In the entries below, which lines run from the one with "廈門自貿(mào)試驗(yà" through the one with "The married couple"? Repeat exactly those, both included, and no pictures.

* DATA FOR REVIEW:
☆ ☆ ☆ ☆ ☆
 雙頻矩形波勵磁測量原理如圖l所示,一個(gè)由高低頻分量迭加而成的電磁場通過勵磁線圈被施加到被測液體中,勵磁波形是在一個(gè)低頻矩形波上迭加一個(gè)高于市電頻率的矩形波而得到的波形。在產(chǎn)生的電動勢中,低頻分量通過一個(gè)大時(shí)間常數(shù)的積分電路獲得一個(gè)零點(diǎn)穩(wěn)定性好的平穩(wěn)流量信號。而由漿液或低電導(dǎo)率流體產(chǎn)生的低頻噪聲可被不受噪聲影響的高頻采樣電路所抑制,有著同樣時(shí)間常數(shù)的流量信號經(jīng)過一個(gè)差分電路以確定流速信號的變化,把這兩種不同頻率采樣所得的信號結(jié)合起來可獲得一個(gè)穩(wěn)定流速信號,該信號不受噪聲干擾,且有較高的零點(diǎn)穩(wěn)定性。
☆ ☆ ☆ ☆ ☆
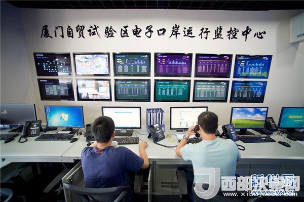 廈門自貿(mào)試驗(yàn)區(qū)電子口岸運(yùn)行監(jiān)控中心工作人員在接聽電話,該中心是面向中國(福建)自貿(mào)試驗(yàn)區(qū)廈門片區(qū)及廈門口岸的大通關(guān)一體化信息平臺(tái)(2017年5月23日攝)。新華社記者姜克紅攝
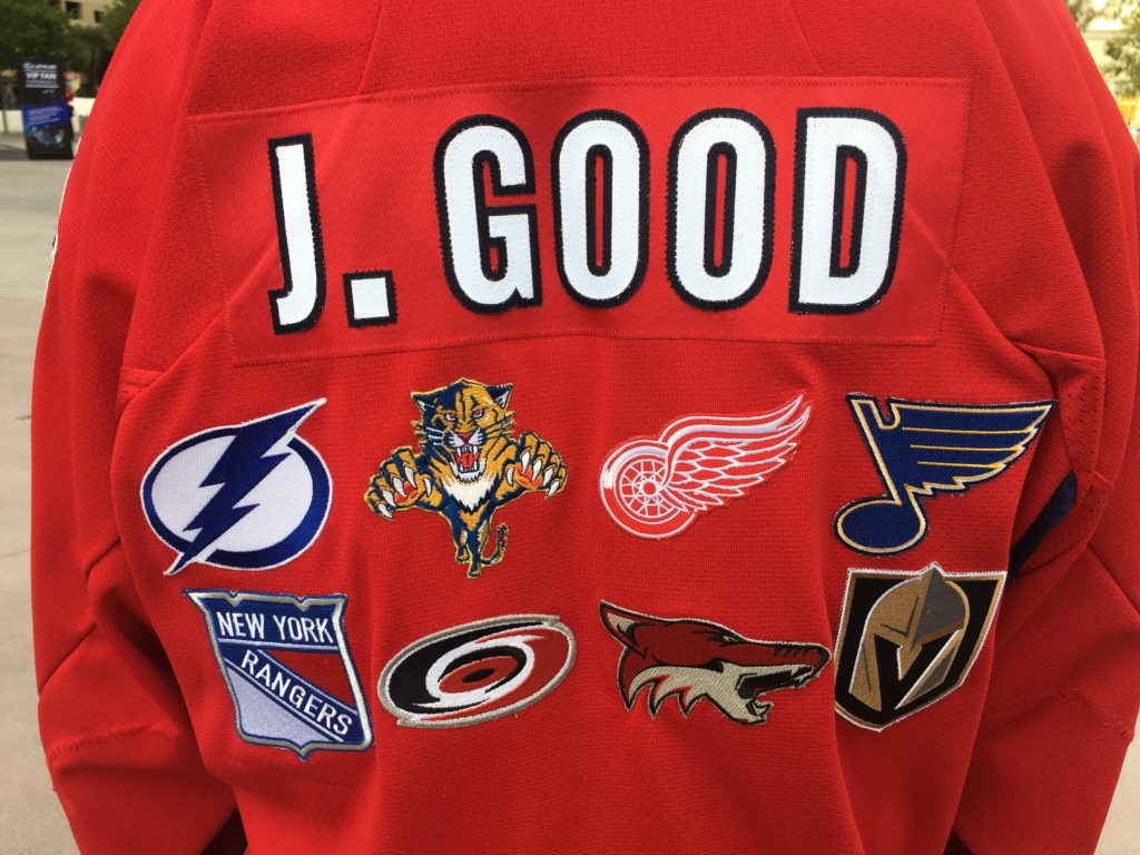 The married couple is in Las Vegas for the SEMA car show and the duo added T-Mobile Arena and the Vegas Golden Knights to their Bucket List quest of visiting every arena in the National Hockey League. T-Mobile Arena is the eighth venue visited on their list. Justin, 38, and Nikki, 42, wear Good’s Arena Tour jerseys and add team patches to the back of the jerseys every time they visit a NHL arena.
☆ ☆ ☆ ☆ ☆
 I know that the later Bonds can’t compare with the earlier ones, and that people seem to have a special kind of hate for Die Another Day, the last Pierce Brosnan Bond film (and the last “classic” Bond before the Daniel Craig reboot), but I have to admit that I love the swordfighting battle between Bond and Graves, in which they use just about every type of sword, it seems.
☆ ☆ ☆ ☆ ☆
* EXERCISE SOLUTION:
 廈門自貿(mào)試驗(yàn)區(qū)電子口岸運(yùn)行監(jiān)控中心工作人員在接聽電話,該中心是面向中國(福建)自貿(mào)試驗(yàn)區(qū)廈門片區(qū)及廈門口岸的大通關(guān)一體化信息平臺(tái)(2017年5月23日攝)。新華社記者姜克紅攝
 The married couple is in Las Vegas for the SEMA car show and the duo added T-Mobile Arena and the Vegas Golden Knights to their Bucket List quest of visiting every arena in the National Hockey League. T-Mobile Arena is the eighth venue visited on their list. Justin, 38, and Nikki, 42, wear Good’s Arena Tour jerseys and add team patches to the back of the jerseys every time they visit a NHL arena.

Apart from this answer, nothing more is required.